### Exercise instructions
Where the records below reach the line containing "ธนาคารกรุงไทย ประกาศ บริษัท", start transcribing, and end with the line containing "The composition is", exactly and with nothing else added.

### Entries provided
********************

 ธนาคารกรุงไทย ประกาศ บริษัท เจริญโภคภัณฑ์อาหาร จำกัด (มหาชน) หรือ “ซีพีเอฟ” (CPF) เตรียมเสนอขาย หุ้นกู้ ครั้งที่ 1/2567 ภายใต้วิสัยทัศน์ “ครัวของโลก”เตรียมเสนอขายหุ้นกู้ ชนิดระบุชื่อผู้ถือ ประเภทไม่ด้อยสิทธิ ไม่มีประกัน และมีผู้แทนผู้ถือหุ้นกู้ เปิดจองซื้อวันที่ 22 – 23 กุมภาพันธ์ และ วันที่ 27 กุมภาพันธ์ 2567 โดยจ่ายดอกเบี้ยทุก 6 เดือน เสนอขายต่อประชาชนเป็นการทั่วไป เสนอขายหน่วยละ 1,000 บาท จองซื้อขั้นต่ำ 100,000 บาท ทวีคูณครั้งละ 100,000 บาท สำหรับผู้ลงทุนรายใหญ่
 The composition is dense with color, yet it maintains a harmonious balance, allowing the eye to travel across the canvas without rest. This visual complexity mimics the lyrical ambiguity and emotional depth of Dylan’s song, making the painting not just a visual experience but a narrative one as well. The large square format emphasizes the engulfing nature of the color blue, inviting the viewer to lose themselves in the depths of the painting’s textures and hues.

********************

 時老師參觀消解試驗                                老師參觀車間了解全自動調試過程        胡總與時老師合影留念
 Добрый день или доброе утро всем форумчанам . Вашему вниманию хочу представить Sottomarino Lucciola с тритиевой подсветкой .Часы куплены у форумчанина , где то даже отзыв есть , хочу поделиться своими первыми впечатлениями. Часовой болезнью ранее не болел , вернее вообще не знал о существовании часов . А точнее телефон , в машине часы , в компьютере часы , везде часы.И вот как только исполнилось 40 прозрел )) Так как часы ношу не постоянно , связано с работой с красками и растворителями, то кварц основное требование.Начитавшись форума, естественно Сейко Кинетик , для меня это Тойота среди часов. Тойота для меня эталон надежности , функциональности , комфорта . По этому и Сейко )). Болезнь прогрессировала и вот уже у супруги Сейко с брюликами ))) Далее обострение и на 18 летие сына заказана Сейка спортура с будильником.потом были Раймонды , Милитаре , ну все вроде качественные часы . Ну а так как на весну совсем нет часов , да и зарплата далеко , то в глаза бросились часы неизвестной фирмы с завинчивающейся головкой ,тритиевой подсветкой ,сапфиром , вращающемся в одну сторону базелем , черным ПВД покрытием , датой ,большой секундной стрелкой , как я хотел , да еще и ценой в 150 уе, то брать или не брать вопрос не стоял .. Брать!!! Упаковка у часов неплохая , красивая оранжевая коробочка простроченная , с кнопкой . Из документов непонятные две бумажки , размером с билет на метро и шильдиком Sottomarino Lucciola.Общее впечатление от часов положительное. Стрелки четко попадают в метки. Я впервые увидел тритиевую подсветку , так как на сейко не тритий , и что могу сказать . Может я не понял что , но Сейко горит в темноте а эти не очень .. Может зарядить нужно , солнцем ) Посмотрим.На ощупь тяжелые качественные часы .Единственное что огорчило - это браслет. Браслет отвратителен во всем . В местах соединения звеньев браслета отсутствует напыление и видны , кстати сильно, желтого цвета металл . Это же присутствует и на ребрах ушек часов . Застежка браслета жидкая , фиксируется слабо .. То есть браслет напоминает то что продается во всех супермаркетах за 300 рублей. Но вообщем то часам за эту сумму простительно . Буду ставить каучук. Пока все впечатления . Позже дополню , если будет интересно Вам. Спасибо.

********************

### Finished exercise
 ธนาคารกรุงไทย ประกาศ บริษัท เจริญโภคภัณฑ์อาหาร จำกัด (มหาชน) หรือ “ซีพีเอฟ” (CPF) เตรียมเสนอขาย หุ้นกู้ ครั้งที่ 1/2567 ภายใต้วิสัยทัศน์ “ครัวของโลก”เตรียมเสนอขายหุ้นกู้ ชนิดระบุชื่อผู้ถือ ประเภทไม่ด้อยสิทธิ ไม่มีประกัน และมีผู้แทนผู้ถือหุ้นกู้ เปิดจองซื้อวันที่ 22 – 23 กุมภาพันธ์ และ วันที่ 27 กุมภาพันธ์ 2567 โดยจ่ายดอกเบี้ยทุก 6 เดือน เสนอขายต่อประชาชนเป็นการทั่วไป เสนอขายหน่วยละ 1,000 บาท จองซื้อขั้นต่ำ 100,000 บาท ทวีคูณครั้งละ 100,000 บาท สำหรับผู้ลงทุนรายใหญ่
 The composition is dense with color, yet it maintains a harmonious balance, allowing the eye to travel across the canvas without rest. This visual complexity mimics the lyrical ambiguity and emotional depth of Dylan’s song, making the painting not just a visual experience but a narrative one as well. The large square format emphasizes the engulfing nature of the color blue, inviting the viewer to lose themselves in the depths of the painting’s textures and hues.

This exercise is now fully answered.